Stand Up has produced an oversized post card featuring a photo of a Cincinnati Reds star (Ken Griffey, Jr. Stands Up to Cancer. What does that mean?) and the words: We have the technology. The brilliance. What we need is you. As if the reader of the post card was water and technology and brilliance were the powder. Doesn't technology + brilliance imply that we have the cure? That it's around there somewhere, misplaced in a lab underneath a dusty beaker, hidden by government red-tape and obscured by turf battles--and all we need are citizens to roust it out? On the back of the post card: Cancer finds us in our neighborhoods and our cities. Our countrysides and our schools. But it's a disease we need to seek out and destroy. It doesn't take a Susan Sontag to see that Stand Up has taken up the language of anti-terrorism. Those with long memories may think, also, of McCarthyism, which warned us that Communism, in the form of teachers' unions, had infiltrated our schools, and in the form of liberals, poisoned our Congress and neighborhood associations. Stand Up to Cancer doesn't investigate which neighborhoods are more likely to harbor cancer, either due to neighborhood gullibility (This waste dump won't hurt you.) or environmental racism, or both, or which schools, due to lead chips or asbestos or other products of homo faber. But, to be fair, there's an op-ed on its site by Devra Davis, about cancer and toxins. Davis directs the Center for Environmental Oncology at the University of Pittsburgh Cancer Institute and author of the recent Secret History of the War on Cancer.

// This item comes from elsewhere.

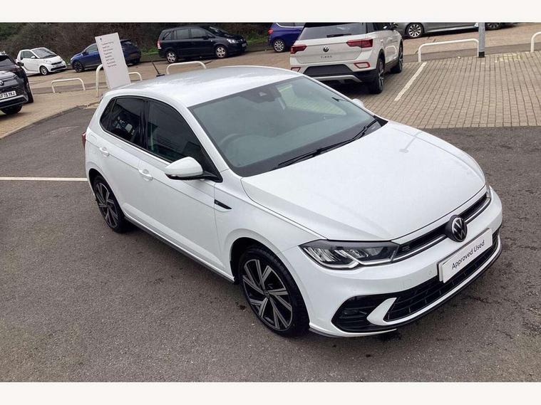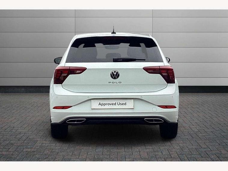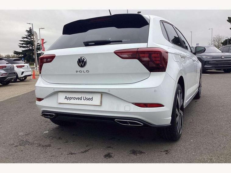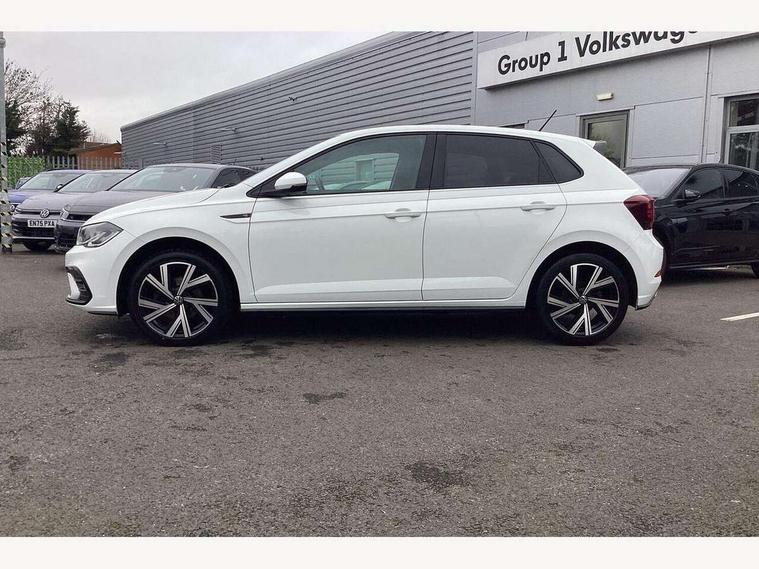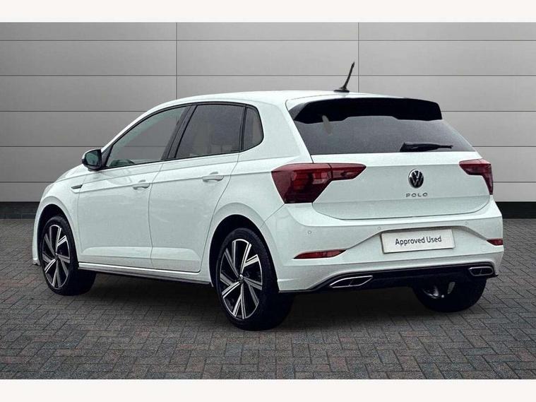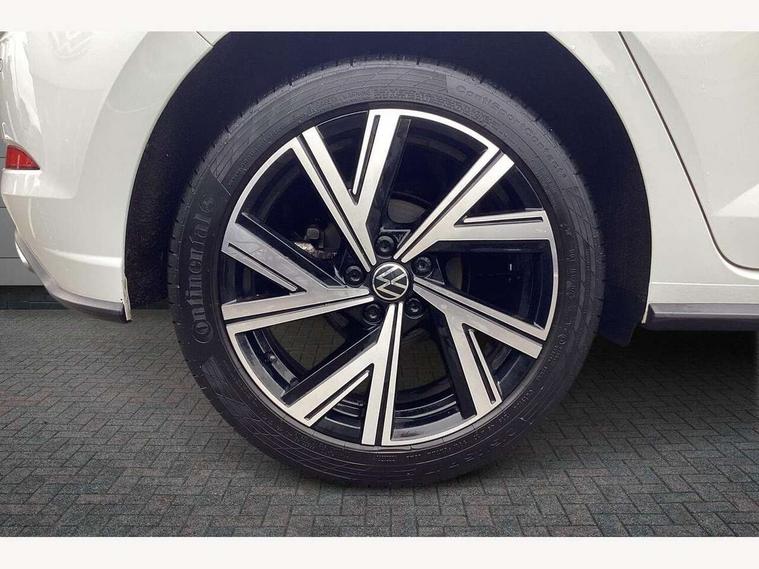 Adaptive cruise control with follow-to-stop and speed limiter, Bluetooth mobile phone interface, Digital Cockpit Pro with 10.25" Display, Driver alert system, Dynamic road sign display, Emergency call service, Power assisted speed sensitive steering, Preparation for We connect and We connect plus, Speedo and rev counter, electronic odometer, trip, service interval display and fuel gauge, Standard rear axle, Travel Assist - Lane keeping system and traffic jam assist, Travel assist including emergency assist, Trip computer, Warning signal and warning light for front and rear seatbelts not fastened, Washer fluid level indicator, Wireless app connect, Front wheel drive, Rear shock absorpion, Start-stop system with battery regeneration (recuperation - energy recovery during braking), DAB Digital radio, Diversity antenna for FM reception, Front and rear 6 speakers, Body colour bumpers, Body colour door handles, Electric front windows, Front scuff plates with R-Line logo, Heat insulating darkened glass in side and rear windows, Heat insulating glass windscreen, Power folding adjustable/heated exterior mirrors and front passenger exterior mirror lowering function, Rear electric windows, Rear fog light, Rear side wing doors, Rear windscreen washer and wiper with interval delay, Third brake light, 12V power socket in centre console, 2 USB-C ports in the front, 2 USB-C charging sockets on the center console in the rear, 3 rear head restraints, 60/40 split folding rear seat and rear seat bench not split, Air care climatronic air conditoning system with active combination filter and 2-zone temperature control, Black roof lining, Chrome plated radiator grille inserts, air vent surrounds and light switch surrounds, Door and side trim panel, Driver and front passenger seat height adjustment, Driver/passenger sunvisors with illuminated vanity mirrors, Front + rear carpet mats in recycled material, Front centre armrest, Front footwell illumination, Front seat backrest storage pockets, Front sports comfort seats, Handbrake lever handle in leather, Headliner in recycled material, Isofix child seat preparation easy-fit (for two outer rear seats, and front passenger seat) compatible with I-size, Karoso artvelours cloth upholstery, Leather trimmed gear knob, LED interior light with switch off delay and dimmer, 2 reading lights front and rear, Luggage compartment cover, Luggage compartment floor, Luggage compartment lighting, Lumbar adjustment for front seats, Single front passenger seat, Stainless steel pedals, Standard pedal cluster, Three spoke leather wrapped multifunction steering wheel with shifting paddles, Light and sight pack - Polo R-Line/Black Edition, 3 point height adj front seatbelts + pretensioners, 3x3 point rear seatbelts, ABS, Driver and front passenger airbag with front passenger airbag deactivation, Drivers and front passengers safety optimised head restraints, ESC (Electronic stability control) + EDL (Electronic Differntial lock) and ASR (Traction control), Extended and predictive pedestrian/ cyclist protection, Front curtain and side airbags with center airbag, Front/rear disc brakes, Hill hold control, Manual child lock in rear doors, Single tone horn, Tyre pressure loss indicator, Alarm with interior protection, Anti-theft alarm system with interior monitoring, backup horn, and towing protection, Anti-theft wheel bolts, Electronic engine immobiliser, Chrome applications on rotary light, mirror adjustment, window regulator switches, outlet with frame in black, Dark grey anodised matt decorative inserts in dash and front door panels, Low rolling resistance tyres,

So, Cancer Bitch, what's wrong with cancer researchers getting money? Today she had a brief appointment with a physician's assistant at Fancy Hospital. He removed the drain sticking out of the lipoma incision and she asked if he'd heard of Stand Up. He said he'd seen something on TV about it. She said it was supposed to form the "dream teams" of researchers working together. As opposed to what? he asked.

Last night CB dreamed of her friend A, whom she hasn't seen in years. A had a sweet round face, blond hair and blue eyes, a soft voice, and investigative reporting that brought down a big-city mayor. Cancer Bitch dreamed that they were interviewing Elizabeth Edwards and that A asked her about her spinal fluid, and Edwards said that it helped when people rubbed it, and there was her spinal fluid in a plastic tub, and CB felt some empathy and got a lump in her throat. And then she woke up.